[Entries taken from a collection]
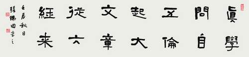 瑞田的字是典型的文人書法,是一種有學養、境界的“雅”字。他的書法不是以橫空出世的才華、氣韻取勝,而是以境界和秀美取勝。他的書法,尤其是隸書,有三大特點:一是方正內斂,與一般以扁取勝、以大幅度的昂頭翹尾取勝的隸書多有不同;二是他以典雅、古秀取勝,精致、秀氣、內勁外雅,有一種上層士大夫的高貴之氣;三是書法中含有金石味,那是他取法“毛公鼎”上的銘文、散氏盤等金屬鐘鼎器物上的金文所致。
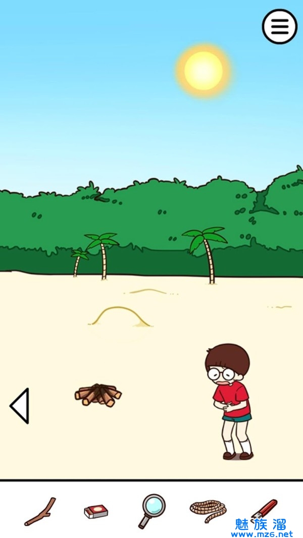 3、小男孩的肚子饿扁扁的快要不行了,利用给出的工具在场景内寻找食物、生火做饭吧!
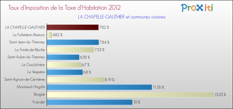 En 2012, le taux de la taxe d'habitation vôté par le conseil municipal de La Chapelle-Gauthier était de : 7.82 %.
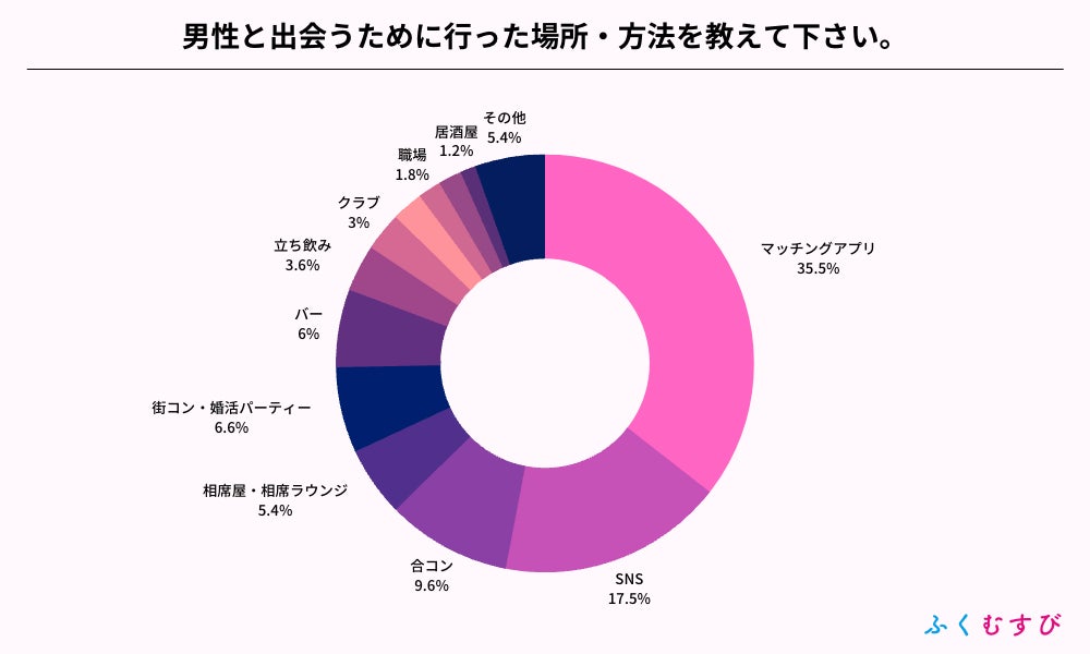 ・最も多かった出会い方は、1位マッチングアプリ、2位SNSとなりました。
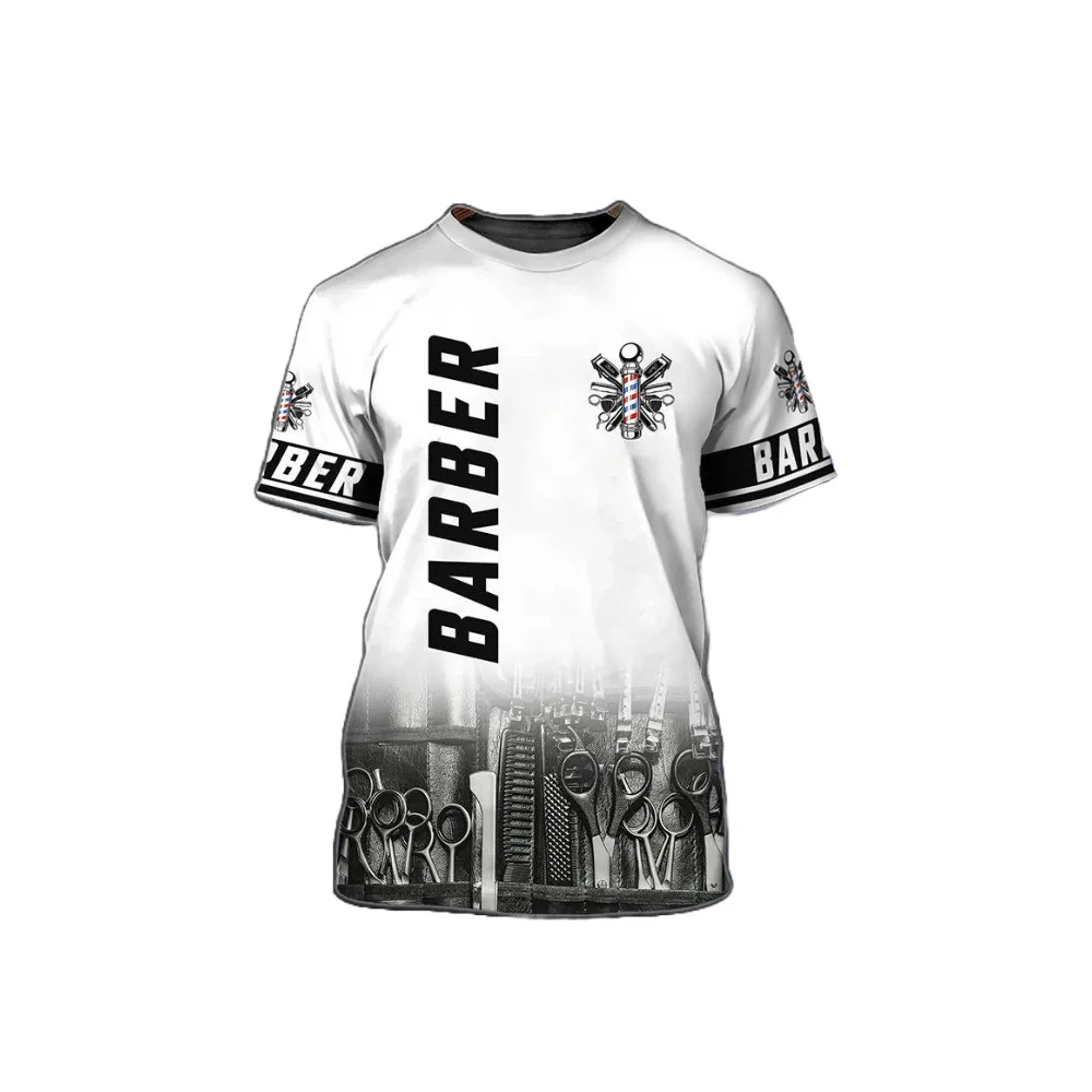 Majica kratkih rukava sa okruglim izrezom i grafičkim uzorkom "BARBER". Materijal: poliester.
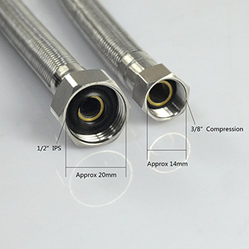 PHASAT 24-Inch Long Faucet Connector, 3/8" Female Compression Thread x 1/2" I.P. Female Straight Thread Braided Stainless Steel Supply Hose, QTY 1
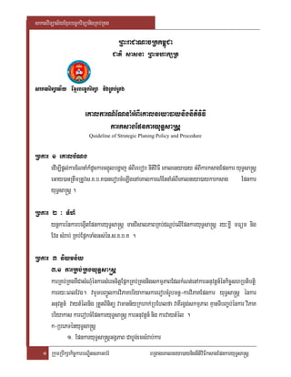 This document provides guidelines for strategic planning policy and procedures at an organization. It outlines 4 sections for strategic planning:
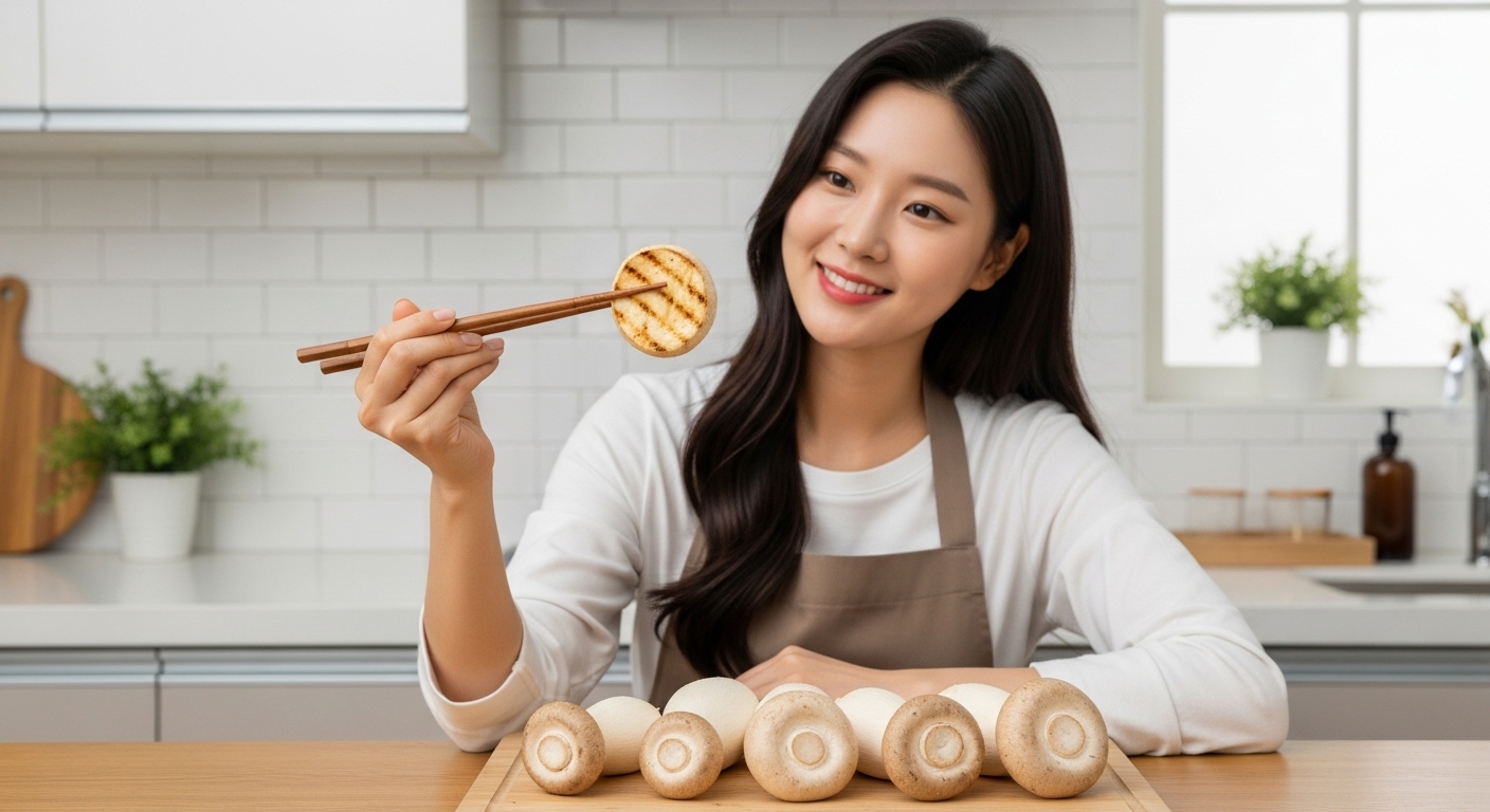 • '소금구이' (강력 추천): 갓과 기둥을 통째로 또는 굵게 찢어, 기름을 두르지 않은 팬이나 석쇠에 굽습니다. 수분이 살짝 올라올 때 소금이나 기름장에 찍어 먹으면 본연의 향과 식감을 최고로 즐길 수 있습니다.
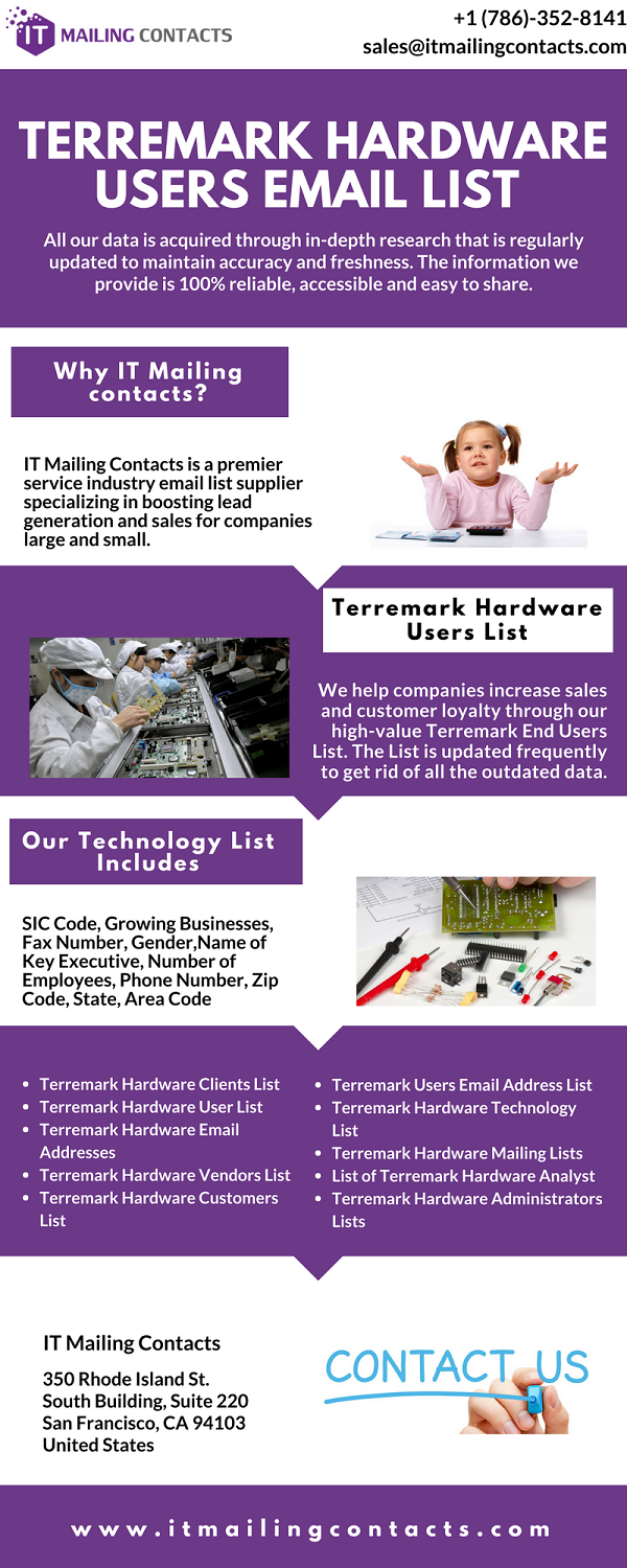 IT Mailing Contacts provides hundreds of companies with comprehensive, updated & verified details of key management professionals including top-rank executives and business professionals who hold the authority to take purchase decisions. We can help you reach Terremark Hardware Marketing Lists and Terremark Hardware Email and Mailing List.
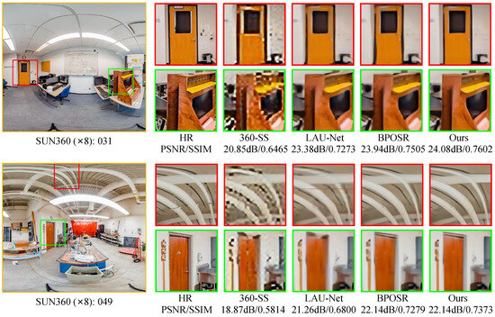 - Deng, X.; Wang, H.; Xu, M.; Guo, Y.; Song, Y.; Yang, L. Lau-net: Latitude adaptive upscaling network for omnidirectional image super-resolution. In Proceedings of the IEEE/CVF Conference on Computer Vision and Pattern Recognition, Nashville, TN, USA, 20–25 June 2021; pp. 9189–9198. [Google Scholar]

**What you should do**
Although the records above contain pictures, the copy must not; set down exactly the lines from the one with "En 2012, le" up to and including the one with "PHASAT 24-Inch Long".

**Solution below**
 En 2012, le taux de la taxe d'habitation vôté par le conseil municipal de La Chapelle-Gauthier était de : 7.82 %.
 ・最も多かった出会い方は、1位マッチングアプリ、2位SNSとなりました。
 Majica kratkih rukava sa okruglim izrezom i grafičkim uzorkom "BARBER". Materijal: poliester.
 PHASAT 24-Inch Long Faucet Connector, 3/8" Female Compression Thread x 1/2" I.P. Female Straight Thread Braided Stainless Steel Supply Hose, QTY 1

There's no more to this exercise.